*Collected data:*
########################################

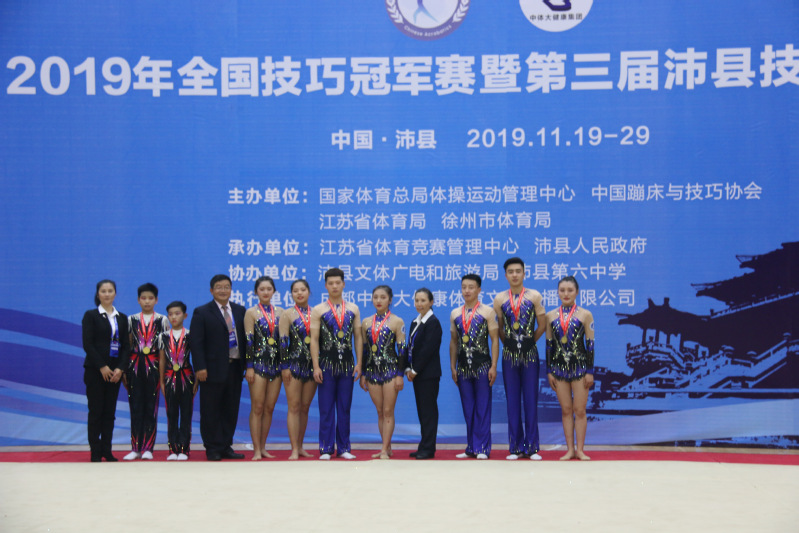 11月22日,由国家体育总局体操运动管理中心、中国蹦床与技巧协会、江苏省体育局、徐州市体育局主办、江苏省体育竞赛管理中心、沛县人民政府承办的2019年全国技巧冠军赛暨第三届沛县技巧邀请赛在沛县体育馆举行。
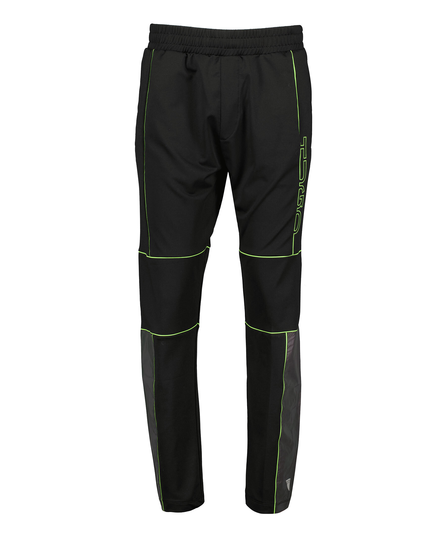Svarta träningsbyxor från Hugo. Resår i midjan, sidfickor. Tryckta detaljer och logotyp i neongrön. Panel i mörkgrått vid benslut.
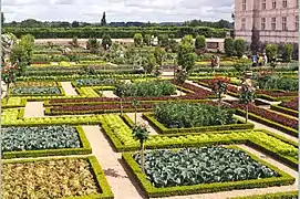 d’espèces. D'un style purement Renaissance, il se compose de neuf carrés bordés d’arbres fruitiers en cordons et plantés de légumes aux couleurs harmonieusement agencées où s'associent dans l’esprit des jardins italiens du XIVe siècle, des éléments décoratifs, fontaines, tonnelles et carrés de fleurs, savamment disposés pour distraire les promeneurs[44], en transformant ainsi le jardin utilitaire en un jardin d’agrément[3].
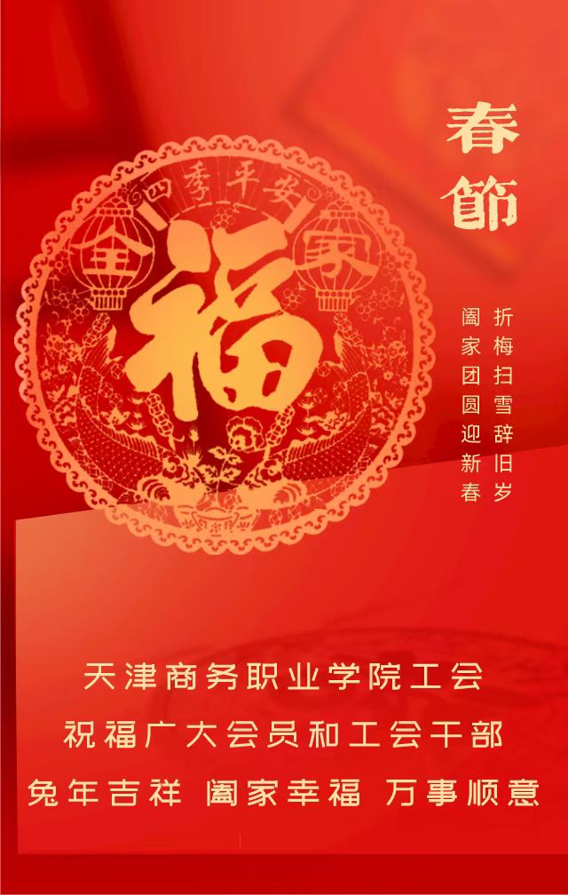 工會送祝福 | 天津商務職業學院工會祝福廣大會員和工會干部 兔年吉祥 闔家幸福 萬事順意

########################################

*What is needed:* A word-for-word reprint of the listing above is needed, minus the pictures.

*Written response:*
 11月22日,由国家体育总局体操运动管理中心、中国蹦床与技巧协会、江苏省体育局、徐州市体育局主办、江苏省体育竞赛管理中心、沛县人民政府承办的2019年全国技巧冠军赛暨第三届沛县技巧邀请赛在沛县体育馆举行。
Svarta träningsbyxor från Hugo. Resår i midjan, sidfickor. Tryckta detaljer och logotyp i neongrön. Panel i mörkgrått vid benslut.
 d’espèces. D'un style purement Renaissance, il se compose de neuf carrés bordés d’arbres fruitiers en cordons et plantés de légumes aux couleurs harmonieusement agencées où s'associent dans l’esprit des jardins italiens du XIVe siècle, des éléments décoratifs, fontaines, tonnelles et carrés de fleurs, savamment disposés pour distraire les promeneurs[44], en transformant ainsi le jardin utilitaire en un jardin d’agrément[3].
 工會送祝福 | 天津商務職業學院工會祝福廣大會員和工會干部 兔年吉祥 闔家幸福 萬事順意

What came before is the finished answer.